*** SOURCE MATERIAL Section Begins ***
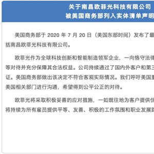 7月22日晚间,欧菲光通过官方微信平台发布声明称,美国商务部于2020年7月20日(美国东部时间)发布了最新的“实体清单”,其中包括南昌欧菲光科技有限公司。
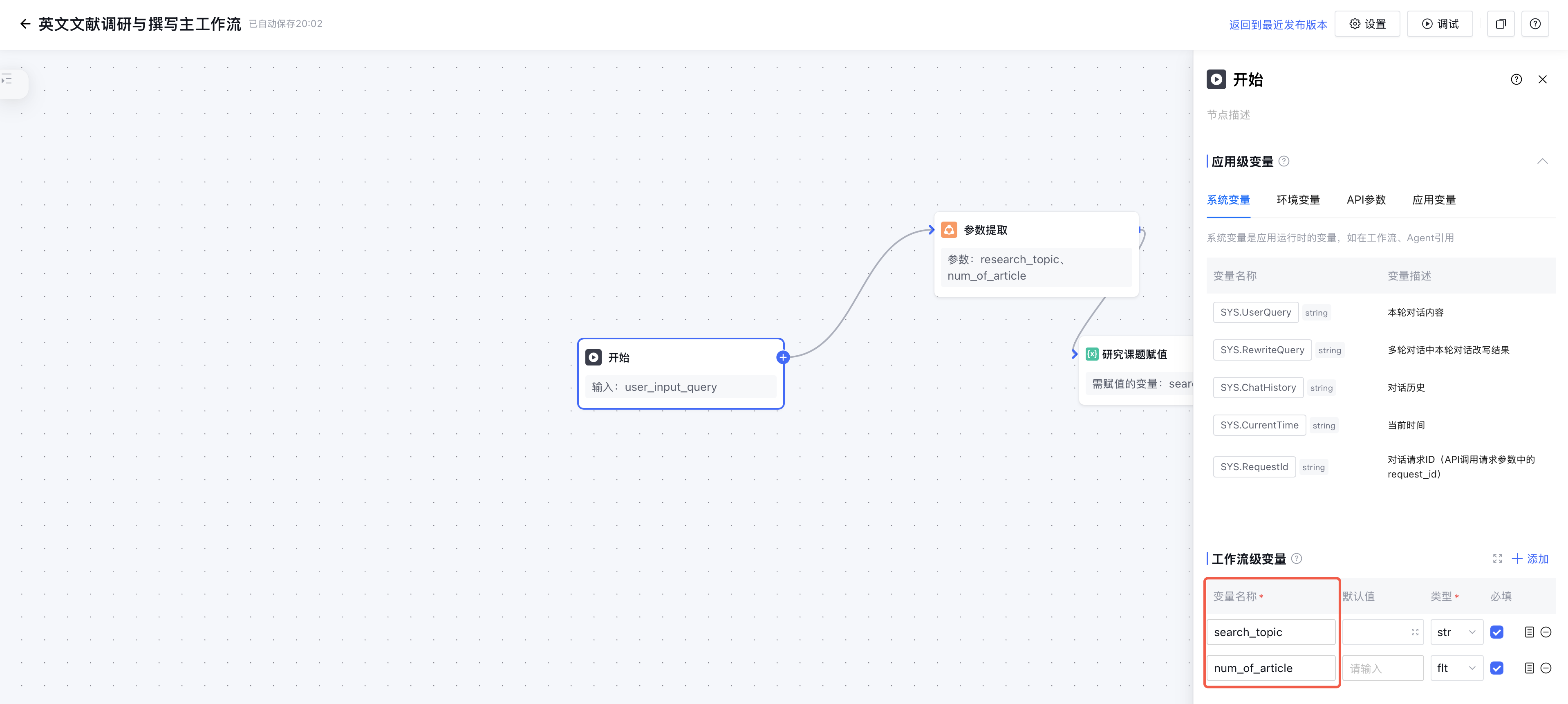 在“文献调研与撰写主工作流”中,调研主题(search_topic)和调研文献篇数(num_of_article)变量需要在当前工作流的各节点中都能被随时赋值和调用,此时可以在开始节点添加对应的工作流级变量:
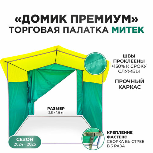 Палатка торговая Митек "Домик Премиум" 2,5х1,9 желто-зеленая (каркас из трубы Ø 18 мм, проклейка швов + стропа)
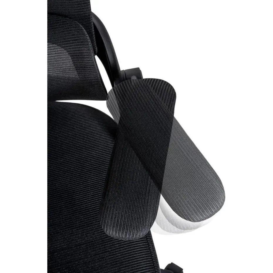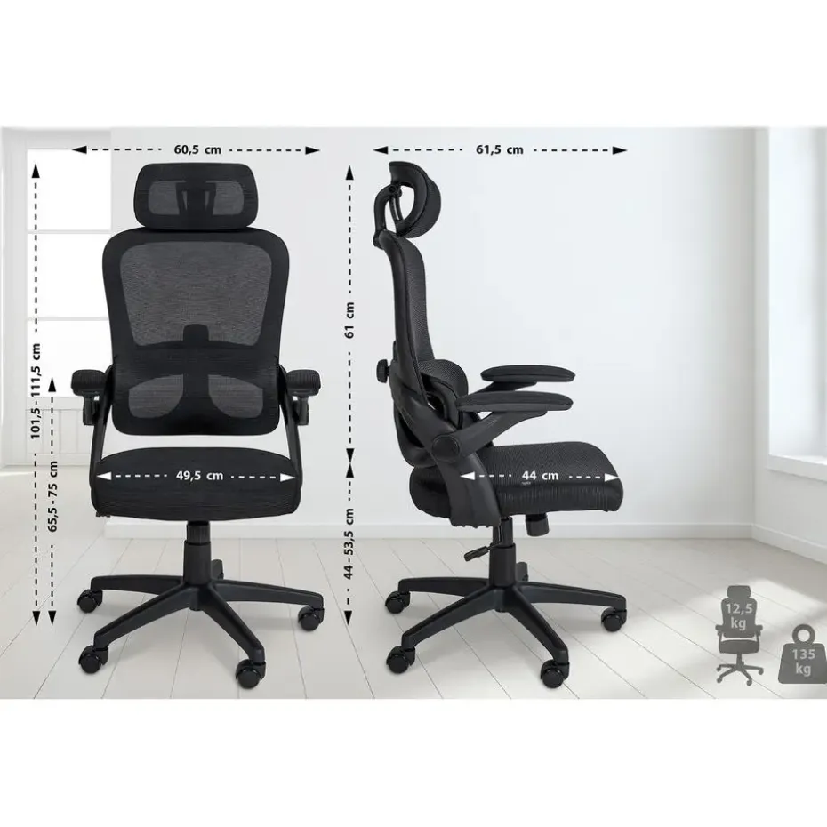 De lendensteun en de hoofdsteun (elk in hoogte verstelbaar) zijn bijzonder weldadig en ook de armleuningen zorgen voor ontspanning. De armleuningen kunnen naar voren, naar achteren en opzij worden gedraaid. Bovendien kunnen de armleuningen worden opgeklapt zodat de stoel naar de rand van het bureau kan worden verplaatst. Natuurlijk is de bureaustoel in hoogte verstelbaar. En de stoel heeft een kantelfunctie waarbij de uitgangspositie ook vastgezet kan worden.
*** SOURCE MATERIAL Section Ends ***
EXERCISE GOAL:
Your copy of the data should match it exactly, apart from the images, which are omitted.

ANSWER BOX:
 7月22日晚间,欧菲光通过官方微信平台发布声明称,美国商务部于2020年7月20日(美国东部时间)发布了最新的“实体清单”,其中包括南昌欧菲光科技有限公司。
 在“文献调研与撰写主工作流”中,调研主题(search_topic)和调研文献篇数(num_of_article)变量需要在当前工作流的各节点中都能被随时赋值和调用,此时可以在开始节点添加对应的工作流级变量:
 Палатка торговая Митек "Домик Премиум" 2,5х1,9 желто-зеленая (каркас из трубы Ø 18 мм, проклейка швов + стропа)
 De lendensteun en de hoofdsteun (elk in hoogte verstelbaar) zijn bijzonder weldadig en ook de armleuningen zorgen voor ontspanning. De armleuningen kunnen naar voren, naar achteren en opzij worden gedraaid. Bovendien kunnen de armleuningen worden opgeklapt zodat de stoel naar de rand van het bureau kan worden verplaatst. Natuurlijk is de bureaustoel in hoogte verstelbaar. En de stoel heeft een kantelfunctie waarbij de uitgangspositie ook vastgezet kan worden.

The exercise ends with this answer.